Multi-Sample Data Spectroscopic Clustering of Large Datasets using Nystrom Extension

Tao Shi
Statistics, The Ohio State University

(April 8, 2010 11:30 AM - 12:18 PM)

Multi-Sample Data Spectroscopic Clustering of Large Datasets using Nystrom Extension

Abstract

Spectral clustering algorithms have shown promising results in statistics, bioinformatics, genetic study, machine learning, and other scientific fields.
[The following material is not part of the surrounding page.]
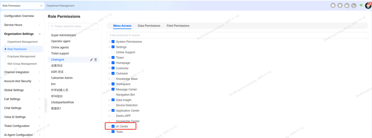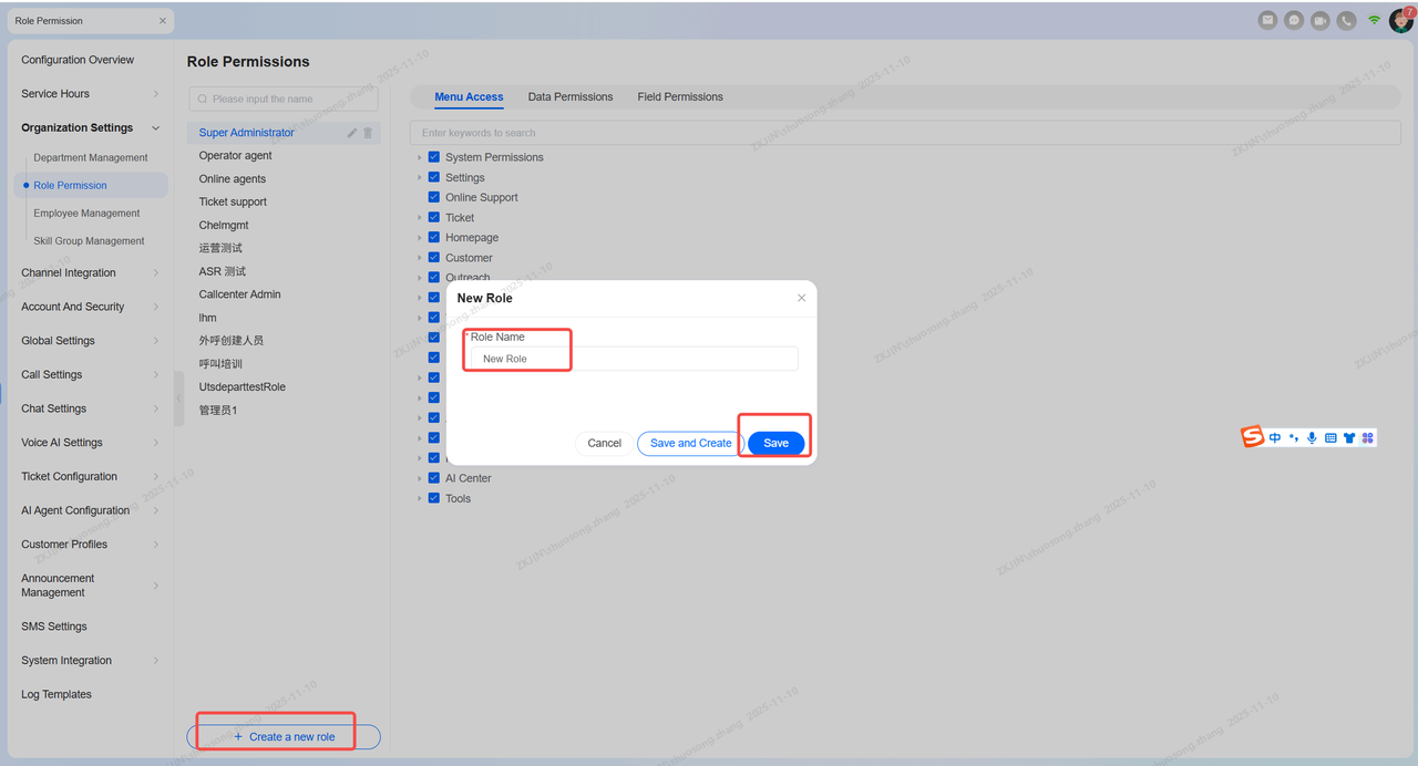 Note: The Super Administrator role has all permissions enabled by default, which cannot be modified or reduced. All other roles and their permissions can be configured according to actual business needs.

These spectral algorithms cluster observations (of size n) into groups by investigating eigenvectors of an affinity matrix or its corresponding Laplacian matrix, both of which are size of n by n. However, the computation involved in eigen-decompostion of an n by n matrix is expensive or even infeasible when the sample size is large. To overcome the computation hurdle, subsampling techniques, such as Nystrom extension, have been used in approximating eigenvectors of large matrices. In this talk, we discuss the statistical properties of such approximation and their influence on the accuracy of various spectral clustering algorithms. We found that the perturbation of spectrum due to subsampling could lead to large discrepancy among clustering results based on different subsamples. In order to provide accurate and stable clustering results for large datasets, we propose a method to combine multiple sub-samples using data spectroscopic clustering and the Nystrom extension. In addition, we propose a sparse approximation of the eigenvectors to further speed up the computation. Simulation and experiments on real data sets showed that this multi-sample approach is fast and accuracy.